Утром старшина ставил задачу отделениям. Буровскому досталось рыть и маскировать окопы, хода сообщения, наращивать верх блокгаузов бревнами и землей - впрочем, как и остальным стрелковым отделениям. Плюс хозяйственному. Пулеметчики Федора Лобанова готовили запасные позиции для "максимов". Так что никто не оставался без дела. Объяснив, что и как, старшина спросил, все ли понятно. В строю кто промолчал, кто ответил: "Понятно", - а Карпухин брякнул: "Будем вкалывать, не прикладая рук!" "Что?" - спросил старшина, сворачивая трубочкой ученическую тетрадь со своими записями. "Я говорю: будем вкалывать не покладая рук!" "Правильно, Карпухин, - сказал старшина и сунул тетрадку в карман. - Труд создал человека! И не корчь из себя Лукьяна!" И глянул на Бурова: что ж, дескать, распускаешь отделение, болтают со старшиной заставы, а? Действительно, Карпухин болтает. Что касается старшины, то он не в духе: коль называет бойца Лукьяном - первейший признак.
На саперных работах Карпухин поплевывал на руки, но не надрывался, частенько передых устраивал, Шмагину кидал советы: "Остынь, Миша!" Остынь - значит не торопись, отдохни.

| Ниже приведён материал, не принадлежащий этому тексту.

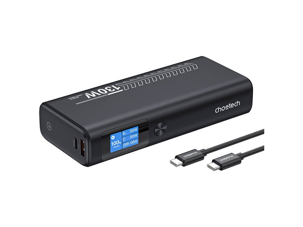 Powerbanka Choetech B702 s kapacitou 20 000 mAh podporuje technológiu 100W Power Delivery a ponúka 3 porty, takže je ideálna na cesty, do práce aj na každodenné použitie. Vstavaný TFT displej poskytuje plnú kontrolu nad stavom batérie a aktuálnym energetickým zaťažením.
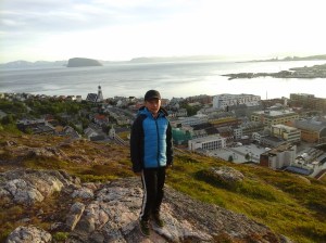 Julius Hammerfestissa. Kaunis erikoise muotoinen saari taustalla
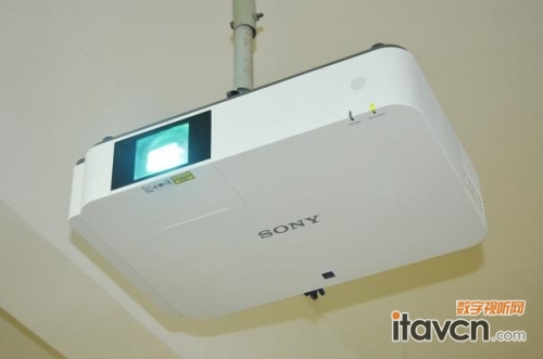 接下來,我們來到能容納90余人的中型教室,空間寬闊,每排有12個座位,需要投影畫面具有大視角,讓兩側學生看清內容;這里1臺VPL-P500XZ投影120英寸屏幕,可以看到,從側面看投影畫面依然明亮自然,文字與細節清晰可辨。
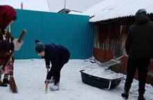 Обучающиеся 9 класса помогли своей подшефной в уборке снега.
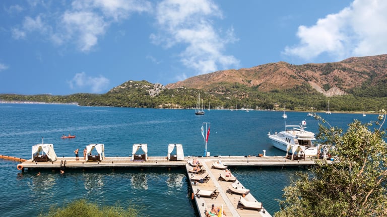 Mit direktem Strandzugang am Ägäischen Meer, kristallklarem Wasser und üppig grünen Bergen im Hintergrund ist unser Marmaris Bay Resort mit seinen 281 Zimmern das Paradies mit einem Konzept nur für Erwachsene ab 16 Jahren, die sich nach einem perfekten Urlaub sehnen. Die Pinienwälder, das Landschaftsbild, der Duft des Pflanzenreichtums sowie die kühle Meeresbrise erschaffen ein Cocktail für alle Sinne, der die Gäste während ihres gesamten Aufenthalts jederzeit in Entspannung tauchen lässt. Dieses einzigartige Resort bietet seinen Gästen die Möglichkeit, sich mit allen Sinnen durch ein Premium-All-Inclusive-Erlebnis zu verwöhnen. Zur Einrichtungen zählen ein Pool im Freien, der zum Entspannen einlädt, sowie ein Privatstrand und Badestege am Meer. Auf unseren Sonnenliegen räkeln sich unsere Gäste unter den warmen Strahlen und lassen sich mit erfrischenden Getränken verwöhnen, während sie den Sonnenuntergang beobachten. Der Marmaris Bay Resort bietet außerdem ein Spa mit sinnlichen Behandlungen sowie verschiedene Wassersportarten für Aktivurlauber. Wir sind uns bewusst, dass Haustiere für viele Familien einen bedeutenden Platz einnehmen. Daher bieten wir Unterkünfte an, die auf die Bedürfnisse von Haustieren zugeschnitten sind. Unsere Haustierrichtlinien und das spezielle Begrüßungsset für Haustiere wurden entwickelt, um das Wohlergehen und die Freude unserer Gäste und ihrer pelzigen Begleiter zu gewährleisten. Egal, ob Sie mit einem kleinen Hund oder einer freundlichen Katze anreisen, unser engagiertes Team wird Ihren Aufenthalt bei uns unvergesslich machen. *Vor der Buchung bitten wir Sie, sich mit unseren Haustierrichtlinien vertraut zu machen. Für nähere Informationen und eventuelle Ausnahmen während bestimmter Saisonzeiten wenden Sie sich bitte an unsere Reservierungsabteilung.
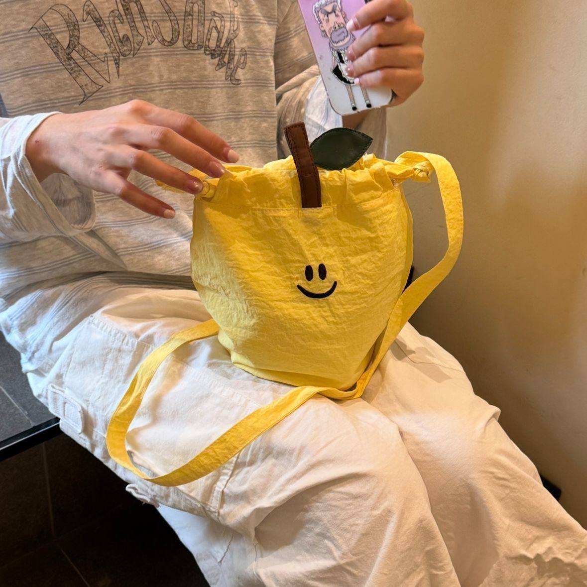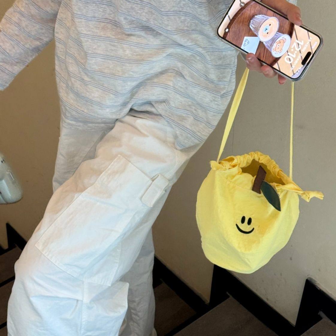 2025 New Model Local Market Children's Snow Pear Drawstring Crossbody Bag, Niche Dopamine Colorful Vacation Small Bag

Точно, Лукьян. А поплевывает на руки перед тем, как за что-нибудь взяться - за винтовку или лопату, за карандаш или ложку, - такая привычка: дескать, работнем! В гражданке неплохо слесарил на оружейном, доподлинно известно, а на заставе лопате предпочитает ложку. Хотя службу несет справней, чем раньше, главное - трусить в наряде перестал. Наверно, берясь за ивовый веник, тоже поплевывал на руки. Ишь, как хлещется! И стонет от блаженства. Старшина крякает, Карпухин стонет. Ну, а он, Буров, думает - каждому свое.
Шмагин кончил насвистывать и сказал:
- Товарищ сержант Буров, помоем спинки взаимно?
Вот и этот, из чужого отделения, панибратствует. Небось старшине не предложил взаимно потереть спинки. Да и к своему отделенному тоже поостерегся бы сунуться. А к Бурову можно, он добренький, не укрепляет личный авторитет, так, что ли?
Конфузясь своей и чужой наготы, Буров натирал мочалкой узкую и худую, с выпирающим позвоночником спину Шмагина, потом подставил собственный хребет. Продирай, Шмагин, с песочком, не жалей моей кожи, раз уж дошло до взаимных услуг. Еще, еще, вот здесь, под левой лопаткой. Три, три! Хребет я наломал на саперных, мозоли натер, мышцы ноют. Посему побаниться не худо, суббота - законный банный день для всех пограничных застав. Хозработы лейтенант отменил, баню - шалишь. Побаниться - святое дело. Пот, грязь и усталость смоешь. И грехи смоешь, коли имеются. У меня грехов нет, потому что есть Валя. Далеко она, Валя, аж в Малоярославце. И задумался-то я, в общем, о ней.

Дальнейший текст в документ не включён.